* _Information provided_:
^^^^
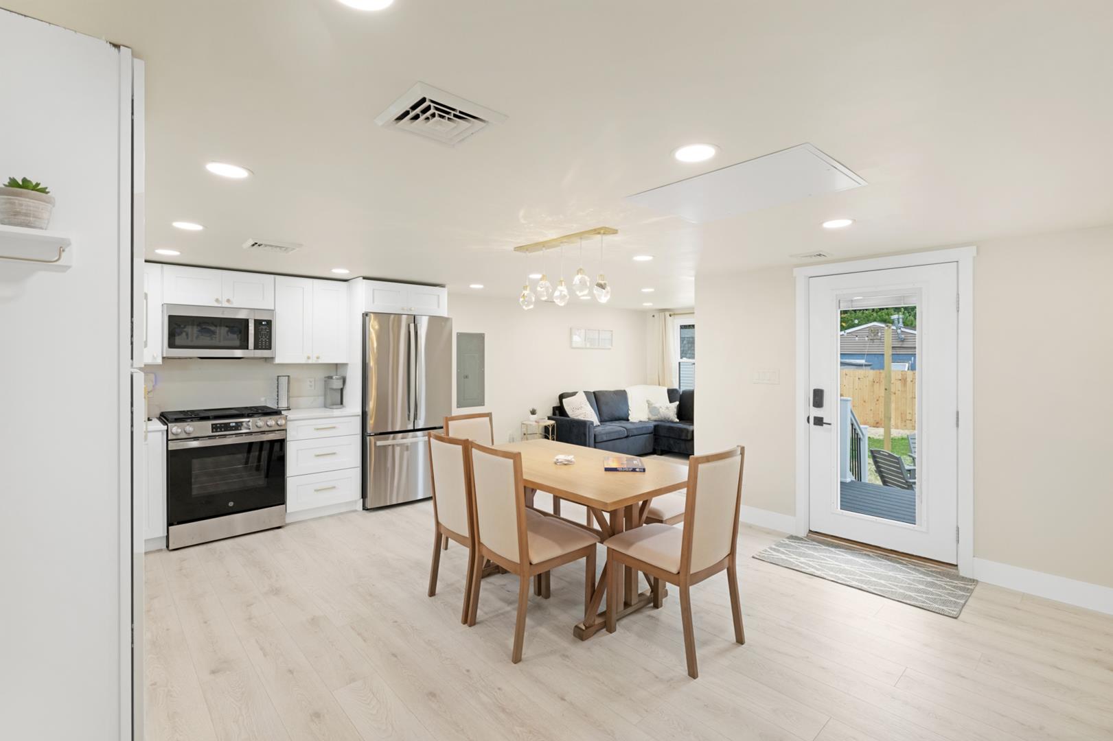 Fully renovated, pet friendly, linens provided and close to the bay! Welcome to this 2 bedroom, 2 full bathroom property that sleeps 6 people and up to 2 of your furry friends (30lb max weight limit each)! This home underwent a full renovation and the design features are both tasteful and practical. Upon entering you will see the brand new kitchen featuring an eat-in dining table. Following the open floor plan to the living room with a full sleeper sofa available. Down the hallway, you will find a full bathroom with a tub and a stackable washer/dryer for guests to use. The first bedroom features a pyramid bunk bed with a queen bed on the bottom and a twin XL bed on top. The master bedroom has a king bed and a full ensuite bathroom with a walk-in closet. Out back, there is a deck with a seating area around the fire pit. String lights provide a relaxing retreat both day and night! Come and check out this cozy home for your summer vacation! Linens and bath towels are provided, no beach towels. There is a $150 cleaning fee on all stays.
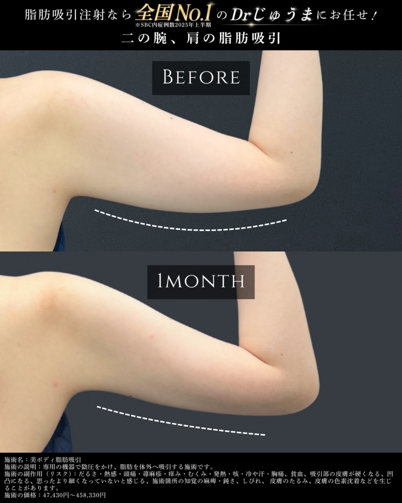 今回は、大阪・関西エリアで二の腕の脂肪吸引を検討中の方へ、「脂肪吸引注射 全国No.1」の症例数を誇る加藤重磨医師による施術について詳しく解説します。
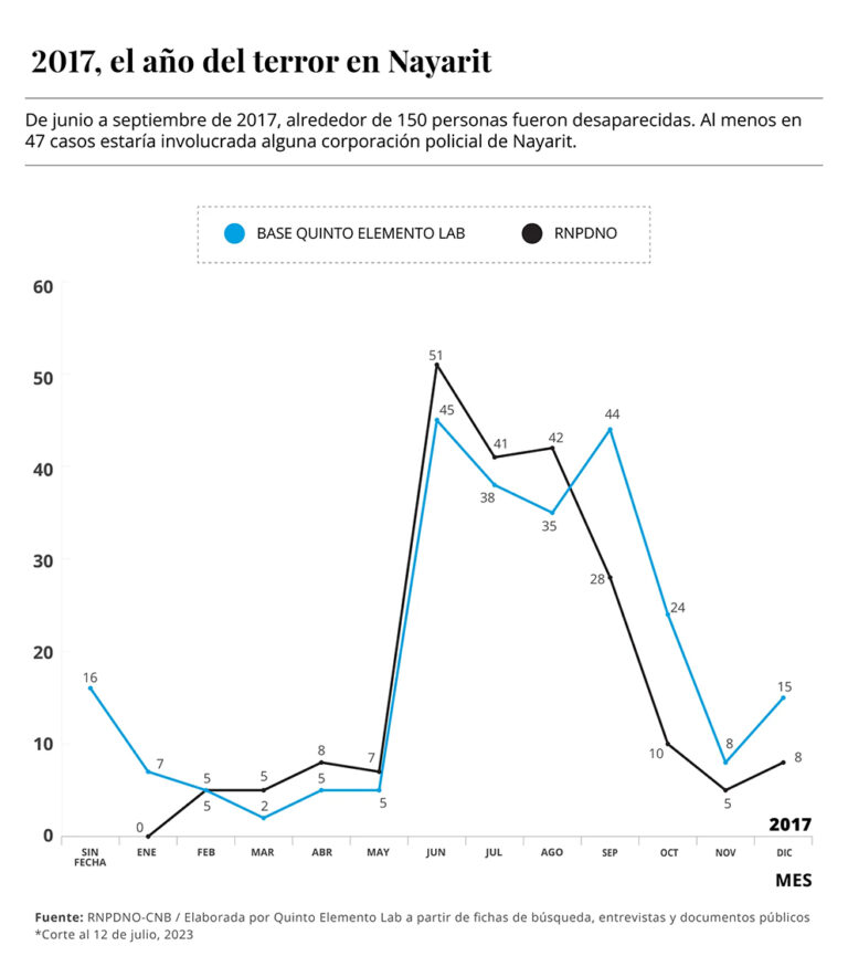 En sólo cuatro meses, más de 150 personas fueron desaparecidas en Nayarit. Eso ocurrió en 2017. Al menos en 47 de esos casos, las evidencias indican que los responsables eran servidores públicos que operaban desde la fiscalía o alguna policía del estado. Seis años después, esas desapariciones siguen impunes. Todo ello en medio de un conflicto entre la fiscalía estatal y la Fiscalía General de la República
^^^^
* _Problem details_:
Images are to be omitted; repeat the remaining data above exactly.

* _Solution_:
 Fully renovated, pet friendly, linens provided and close to the bay! Welcome to this 2 bedroom, 2 full bathroom property that sleeps 6 people and up to 2 of your furry friends (30lb max weight limit each)! This home underwent a full renovation and the design features are both tasteful and practical. Upon entering you will see the brand new kitchen featuring an eat-in dining table. Following the open floor plan to the living room with a full sleeper sofa available. Down the hallway, you will find a full bathroom with a tub and a stackable washer/dryer for guests to use. The first bedroom features a pyramid bunk bed with a queen bed on the bottom and a twin XL bed on top. The master bedroom has a king bed and a full ensuite bathroom with a walk-in closet. Out back, there is a deck with a seating area around the fire pit. String lights provide a relaxing retreat both day and night! Come and check out this cozy home for your summer vacation! Linens and bath towels are provided, no beach towels. There is a $150 cleaning fee on all stays.
 今回は、大阪・関西エリアで二の腕の脂肪吸引を検討中の方へ、「脂肪吸引注射 全国No.1」の症例数を誇る加藤重磨医師による施術について詳しく解説します。
 En sólo cuatro meses, más de 150 personas fueron desaparecidas en Nayarit. Eso ocurrió en 2017. Al menos en 47 de esos casos, las evidencias indican que los responsables eran servidores públicos que operaban desde la fiscalía o alguna policía del estado. Seis años después, esas desapariciones siguen impunes. Todo ello en medio de un conflicto entre la fiscalía estatal y la Fiscalía General de la República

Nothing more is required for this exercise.